Top Eight CSPs’ CapEx to Surpass $710B in 2026; Google Leads TPU Deployment
February 25, 2026 | TrendForceEstimated reading time: 2 minutes
Global CSPs are accelerating investment in AI servers and infrastructure to support expanding AI deployment and upgrades, according to TrendForce’s latest findings on the AI server market. Combined capital expenditures by the world’s eight leading CSPs—Google, AWS, Meta, Microsoft, Oracle, Tencent, Alibaba, and Baidu— are projected to exceed $710 billion in 2026, representing approximately 61% YoY growth.
In addition to the continued procurement of NVIDIA and AMD GPU platforms, CSPs are increasingly investing in ASICs to optimize AI workload suitability and improve the cost efficiency of data centers.
TrendForce estimates that Alphabet, Google’s parent company, will see its 2026 capital expenditure surpass $178.3 billion, up 95% YoY. Google began developing in-house ASICs earlier than its peers and has accumulated substantial advantages in research and development. Its TPU roadmap is expected to transition to the next-generation v8 platform this year.
Driven by demand from the Google Cloud Platform and Gemini AI applications, TPUs are projected to account for nearly 78% of AI servers shipped to Google in 2026. This is expected to further widen the gap with GPU-based systems. Google remains the only CSP whose AI server build-out features more ASIC-based servers than GPU-based ones.
Amazon has recently increased procurement of NVIDIA GB300 and V200 rack-scale systems, reflecting accelerated deployment of higher-power, higher-density GPU platforms to support expanding AI training and inference services.

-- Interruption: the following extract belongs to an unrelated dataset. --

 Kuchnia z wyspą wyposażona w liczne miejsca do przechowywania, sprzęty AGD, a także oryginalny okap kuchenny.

GPUs are expected to represent nearly 60% of AWS’s AI server build-out in 2026.
On the ASIC front, Amazon’s next-generation Trainium 3 is expected to ramp starting 2Q26, following the rollout of Trainium 2/2.5. However, shipment momentum may become more pronounced in the second half of the year as software maturity and system validation progress.
TrendForce projects Meta’s 2026 CapEx to exceed $124.5 billion, up 77% YoY. Meta’s AI servers will continue to rely primarily on NVIDIA and AMD GPUs, with GPU-based systems accounting for over 80% of its build-out.

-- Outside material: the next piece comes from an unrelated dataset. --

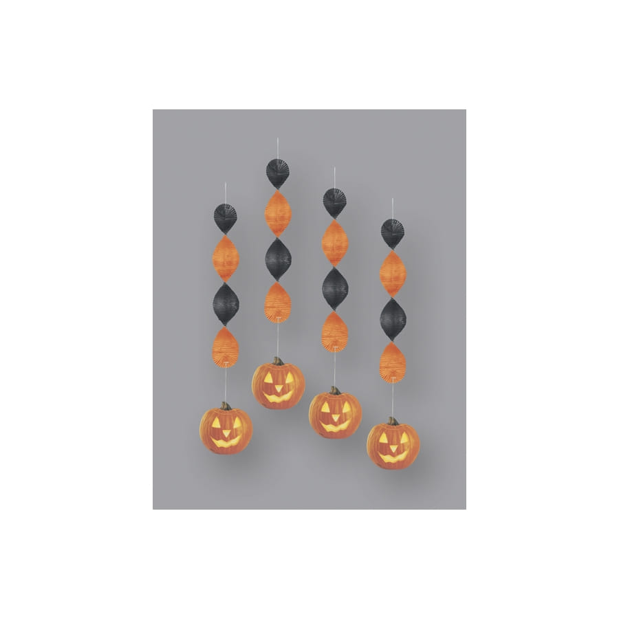 Pour orner vos murs, pourquoi ne pas miser sur quelques choses d'authentique ? Ces décorations citrouille à suspendre mesurent environ 45 cm de long. Le fil qui maintient les courges en suspension présente une succession de couleur : orange et noire. Un paquet contient quatre décorations. Nous vous proposons cet accessoire unique pour commémorer la fête d'Halloween. Soyez sans crainte, ce lot reste disponible sur notre site.

Although Meta aims to advance its in-house MTIA ASIC platform to lower unit compute costs and reduce supplier dependence, supply chain sources indicate that software-hardware tuning challenges may constrain actual shipment volumes relative to initial expectations.
Microsoft remains optimistic about long-term demand for large-scale model training and inference and continues to procure NVIDIA rack-scale systems to support AI server deployments. It has also introduced its in-house Maia 200 chip, targeting high-efficiency AI inference applications.
Meanwhile, Oracle is expanding GPU rack-scale deployments to support AI data center projects tied to initiatives such as Stargate and OpenAI.
On the Chinese side, while ByteDance has not publicly disclosed detailed 2026 CapEx plans, TrendForce estimates that over half of its investment will be allocated to procuring AI chips. NVIDIA H200 is expected to serve as a key solution for ByteDance’s AI servers, subject to U.S.-China regulatory developments. The company is also expanding the adoption of domestic AI chips, including solutions from Cambricon.。
Tencent continues to procure NVIDIA GPUs to support cloud and generative AI services, while collaborating with local partners to develop in-house ASIC solutions across networking, data center infrastructure, and online AI applications to diversify compute sources and enhance integration flexibility.
Alibaba and Baidu are both actively advancing proprietary ASIC development. Alibaba, through T-head and Alibaba Cloud, supports public cloud and AI infrastructure services while developing Qwen LLMs and application software for enterprise and consumer markets.
Baidu plans to roll out its next-generation Kunlun chips after 2026, targeting large-scale AI training and inference workloads. In parallel, it is advancing its Tianchi AI server cluster platform, capable of linking hundreds of AI chips to boost system-level computing power.